COM A DEVIDA VÉNIA
“Estimo ter podido concluir o hospital que mandei construir para descansardes dos vossos honrosos trabalhos. Em recompensa só vos peço a paz e o temor a Deus.
Princesa Maria Francisca Benedita
(Palavras proferidas na inauguração do Hospital dos Inválidos de Runa)
O Ministro da Defesa (isto é, o Governo) fez publicar o DL 193/2012, de 23 de Agosto, em que reorganiza o IASFA(1). Esta reorganização foi feita à revelia da direcção do próprio Instituto e à margem dos Ramos das FAs.
O que se perspectiva é um “assalto” do Governo aos bens do IASFA, um nivelar por baixo dos serviços prestados e um monopólio intolerável do mando por parte da tutela.

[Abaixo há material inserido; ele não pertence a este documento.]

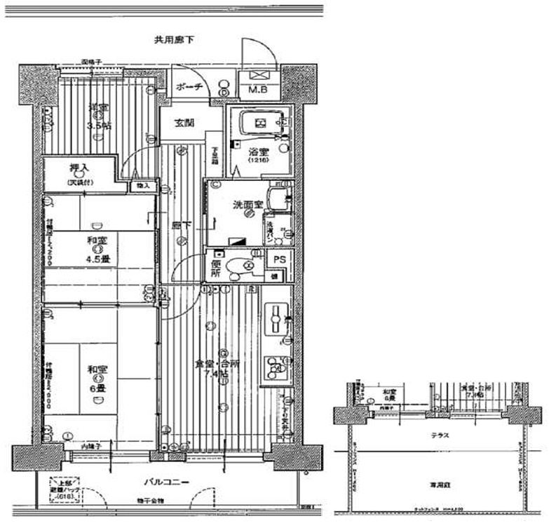専有面積 バルコニ面積 |
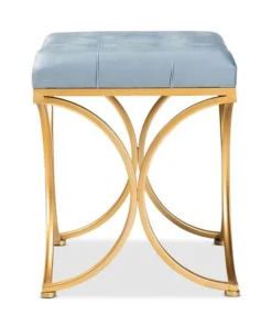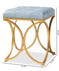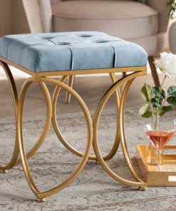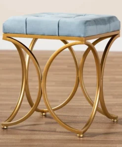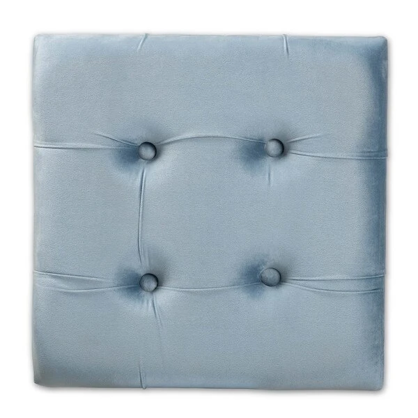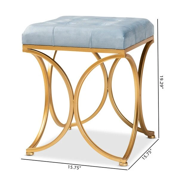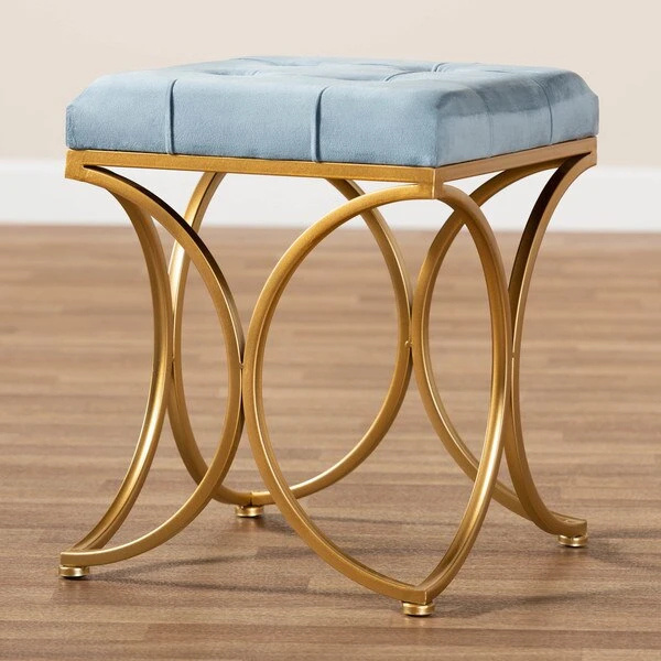 Bring the glamour of the 1920s to your space with the Margot ottoman. This metal ottoman features a striking gold-toned geometric base that provides a light, airy feel. The seat is upholstered in a rich light blue velvet fabric and is button tufted to highlight the stunning sheen in the velvet. Use this glamorous ottoman as a vanity seat or as a footstool. The Margot ottoman will arrive fully assembled.

Tanto a anterior direcção do IASFA, como o Conselho dos Chefes Militares – que, aparentemente, se têm posto à margem de tudo isto, como se nada fosse com eles – não tiveram o mínimo cuidado em avisar os beneficiários do que se estava a preparar e se está a passar.
De igual modo nenhuma das Associações de Militares foi ouvida como é de lei(2), pelo que não se fizeram representar na tomada de posse do novo Conselho Directivo, no pretérito dia 1 de Outubro(3).
O comum dos militares e familiares abrangidos continua a sua existência como se nada se passasse, ou lhe dissesse respeito.
Convém fazer uma síntese histórica da assistência social na Instituição Militar, para melhor nos situarmos.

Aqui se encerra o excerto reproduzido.